▶ TASK TO CARRY OUT
Find "Le monde n'a", then copy its line and every later line of the entries exactly through the end, leaving all pictures out.
*** RECORDS FOR THE TASK ***
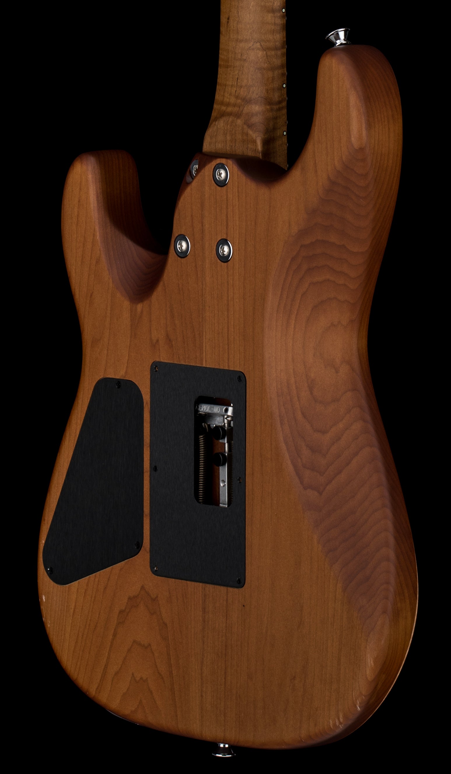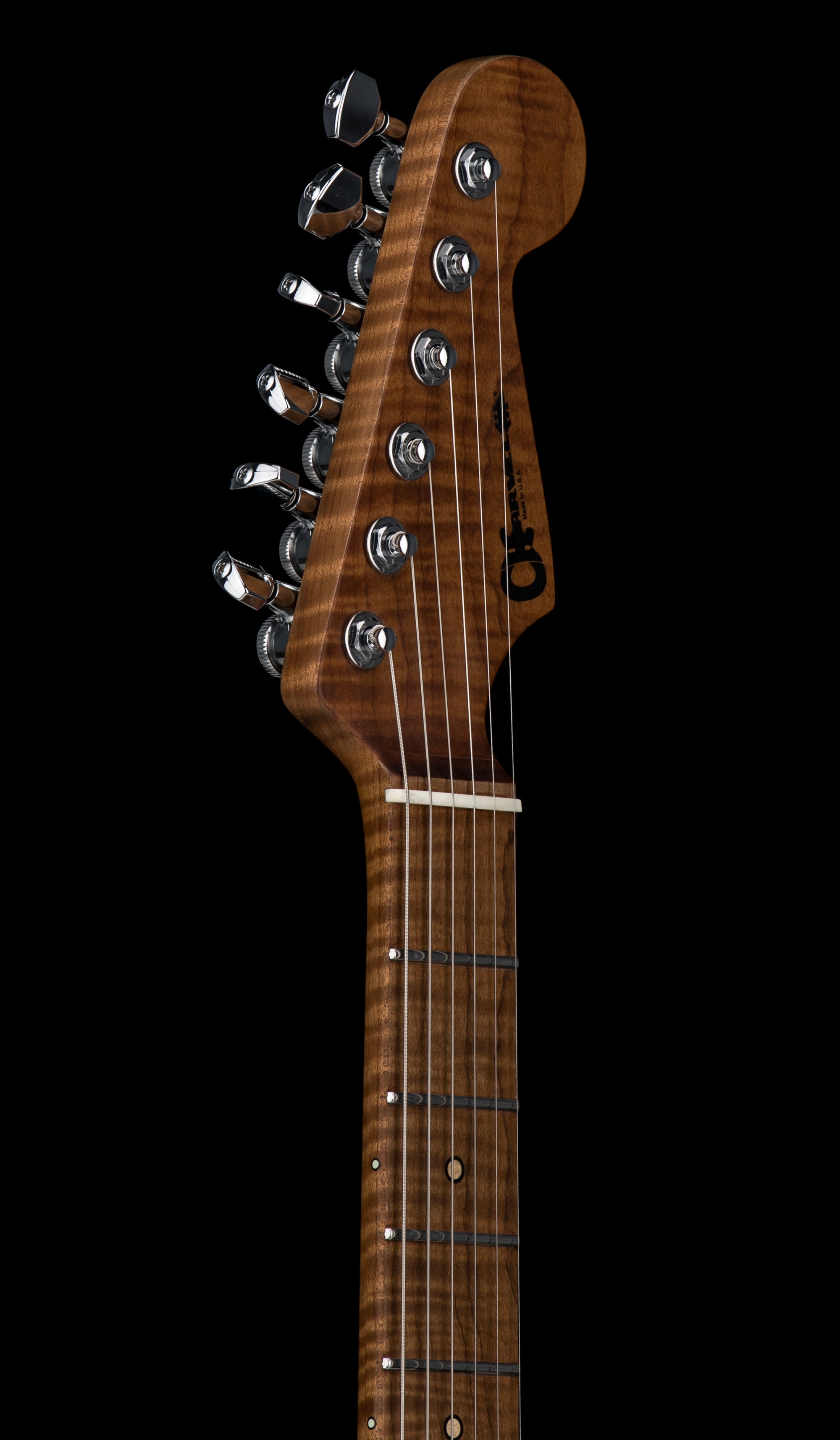 Other premium features include three specially wound Charvel custom MF pickups arranged in a versatile HSH configuration with five-way switching for the expansive tonal openness and dynamic sensitivity that Govan demands, a two-way mini toggle switch to engage single coil simulation in bridge and neck humbucker position, two Luminlay numbered dome control knobs (volume, tone) with a brass pin locator, U.S.-made recessed Charvel locking tremolo bridge with Tremol-No™ unit and oversized brass block, bone nut and chrome hardware.
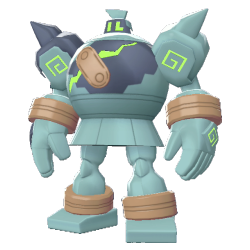 Le Pokémon Golem Ancien. Il est de type Sol et Spectre. Quand on ôte le sceau qui se trouve sur sa poitrine, il perd le contrôle de son énergie.
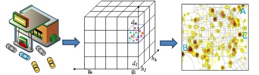 Abstract: An urban black hole is a subgraph (or a region) that has the overall inflow greater than the overall outflow by a threshold, while a volcano is a subgraph with the overall outflow greater than the overall inflow by a threshold. The online detection of black holes/volcanos can timely reflect anomalous events, such as disasters, catastrophic accidents, and therefore help keep public safety. The patterns of black holes/volcanos and the relations between them reveal human mobility patterns in a city, thus help formulate a better city planning or improve a system’s operation efficiency.
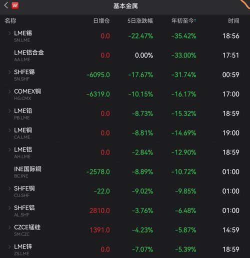 连跌两周的伦锡继续领跌,近一周跌20%,跌幅几乎为上周的两倍,价格已较今年3月的高点腰斩。
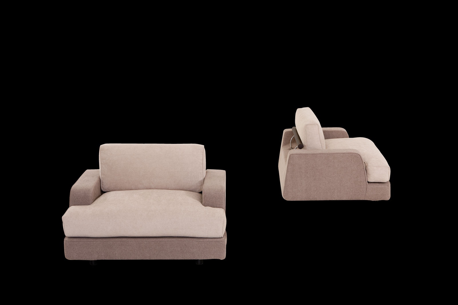 Vision armchair by Italian manufacturer Il Loft. Model on a low base with removable back cushions and seats. Made with a frame made of natural wood. Upholstery of textile or leather. Filled with non-deformable polyurethane foam with polyester. A lovely choice for modern interiors.
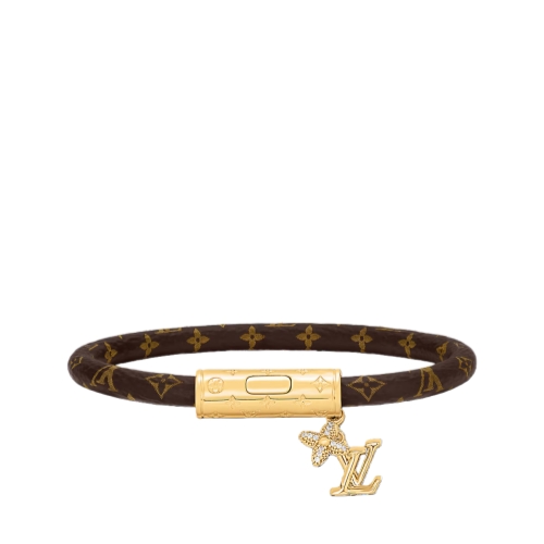 The design of the LV Push bracelet was inspired by the House’s emblematic icons. Both the canvas cord and the gold-tone metal clasp feature the heritage Monogram pattern, echoed in two charms: an LV signature and a Monogram Flower studded with sparkling crystals. An elegant addition to any outfit, it makes a wonderful gift for Monogram fans.
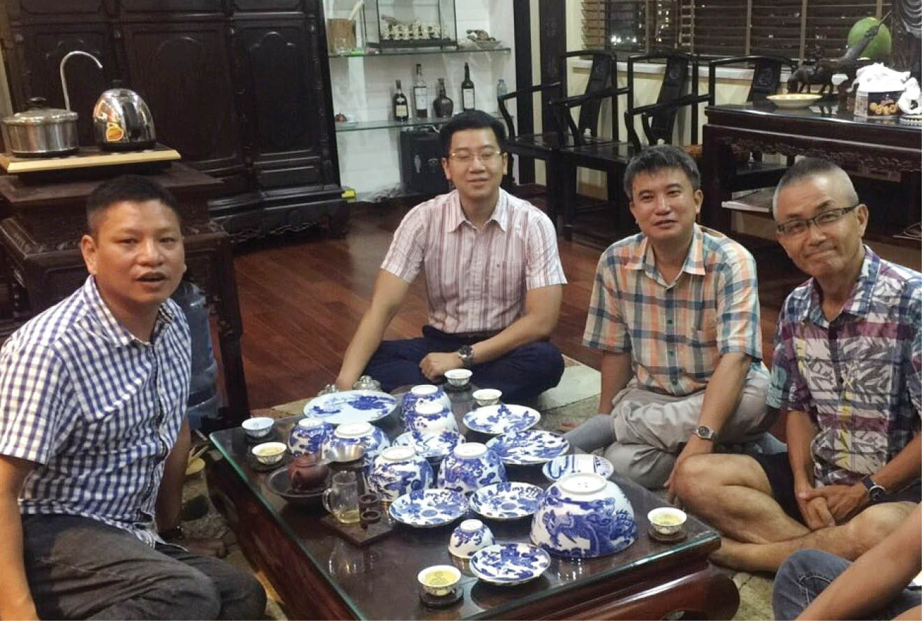 Nhà sưu tập Nguyễn Công Tuấn (ngoài cùngbên trái), Cao Cường (thứ hai từ trái sang)
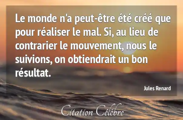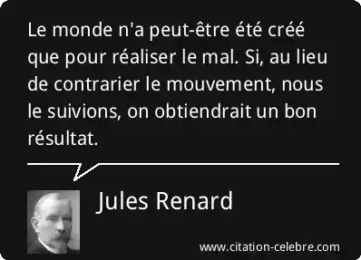 Le monde n'a peut-être été créé que pour réaliser le mal. Si, au lieu de contrarier le mouvement, nous le suivions, on obtiendrait un bon résultat.
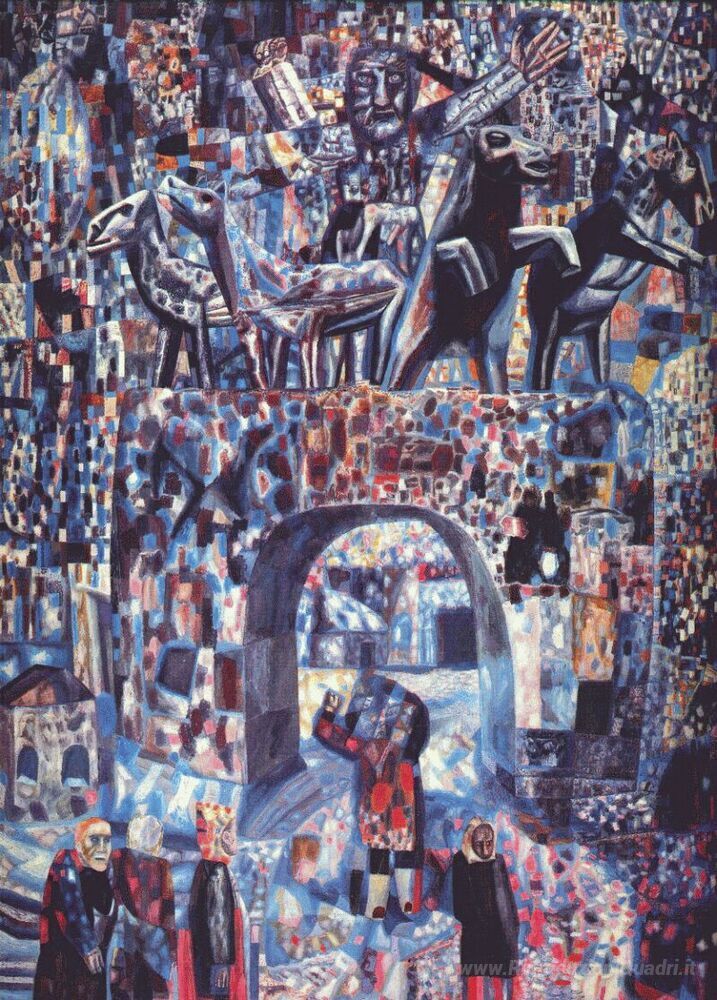Ti offriamo una riproduzione artigianale su tela dell'opera famosa 'Il Narva Gates' di Pavel Filonov, dal Museo delle Riproduzioni.
*** End of RECORDS FOR THE TASK ***
▶ RESULT OF THE TASK
 Le monde n'a peut-être été créé que pour réaliser le mal. Si, au lieu de contrarier le mouvement, nous le suivions, on obtiendrait un bon résultat.
Ti offriamo una riproduzione artigianale su tela dell'opera famosa 'Il Narva Gates' di Pavel Filonov, dal Museo delle Riproduzioni.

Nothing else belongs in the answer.